Campbell was killed on Jan. 23, one day before two teenage girls were shot dead in front of the Zone, victims of a killing spree that shocked Oregonians. In the days that followed, the Zone shootings dominated local headlines, while Campbell, who was stabbed to death just 14 blocks away, on the fifth floor of the Rosenbaum Plaza apartment complex, attracted little attention.
There were no television cameras at Campbell's memorial at the Scottish Rite Temple, no editorials suggesting Campbell's death was a symptom of a decaying social safety net.
After the mourners had gone, there was just the urn of ashes—and the fact that, three weeks after Campbell's death, the man's killer, Melvin Earl Parker, returned to the Rosenbaum, to live among Campbell's old friends.
"It's like my life turned into a noir film," one resident of the Rosenbaum said.

Robert Joseph Campbell moved to the Rosenbaum, a tan, Spanish-style building at 1218 SW Washington St., in 1986.

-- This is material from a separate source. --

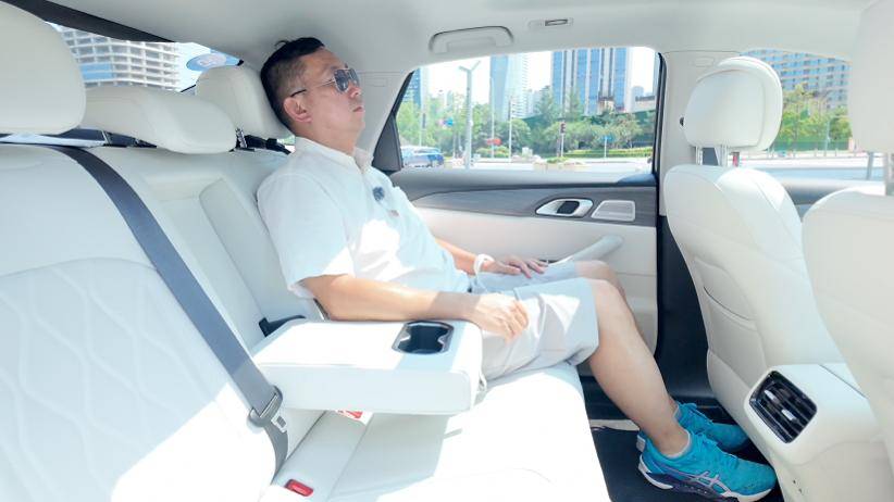 不過外觀并非銀河A7的賣點(diǎn),用車體驗(yàn)才是。其一是空間,它的車長做到4918mm,而軸距已經(jīng)來到2845mm,很實(shí)用,比凱美瑞/雅閣的軸距都要更長。以175cm的體驗(yàn)者作為參考,后排腿部空間非常充裕,大腿承托到位,頭部空間有一拳的余量。它采用全景天窗的形式提升開揚(yáng)感,同時(shí)也周到的同步給到遮陽簾。因?yàn)槭遣寤靹?dòng)力的優(yōu)勢(shì),其地臺(tái)做到全平,后排滿座三人也不會(huì)很憋屈。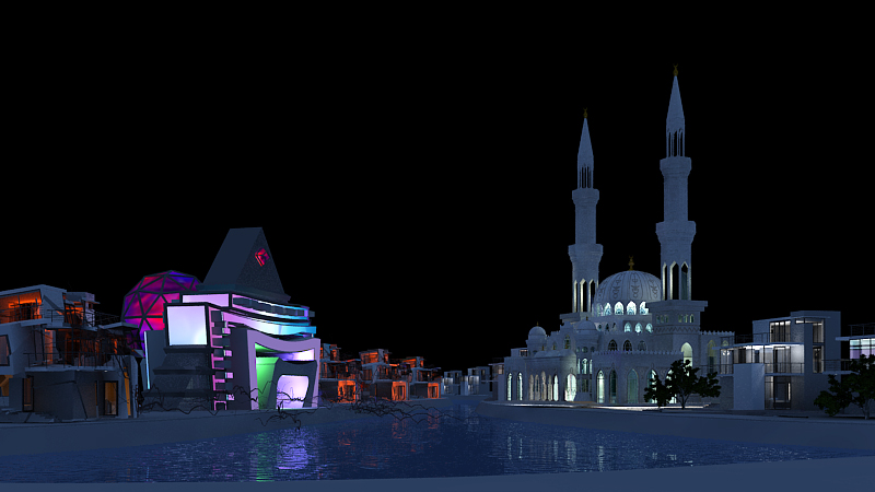 مزيد من التطور في العمل يوضح الملهى اليلي الذي حاولت وضع افكار مختلفه لإيضاح هيكله الشر وايضا بعض التأثيرات ببلاجين ivy لماحاكاه إنتشاره من الملهى إلى ماحوله وإنتشار الفساد والدمار وفي الناحيه المقابله سوف اضع المسجد الذي يوضح فكره الخير وتأثيره على ماحوله وحمايته لما حوله من ايدي الشر الخفيه .... وفقكم الله جميعا وشكرا للمتابعه

Born in 1945 in Ontario, Ore., Campbell was a basketball star in high school. He was handsome and popular, according to a high-school classmate in Eastern Oregon.
He moved to Portland in the 1960s, where he sold shoes at Meier Frank. There he met his wife, Jane, to whom he was married for a few years before the couple divorced.
By his early 20s, Campbell faced numerous challenges. He jumped from job to job as his depression and severe anxiety became more visible to those around him.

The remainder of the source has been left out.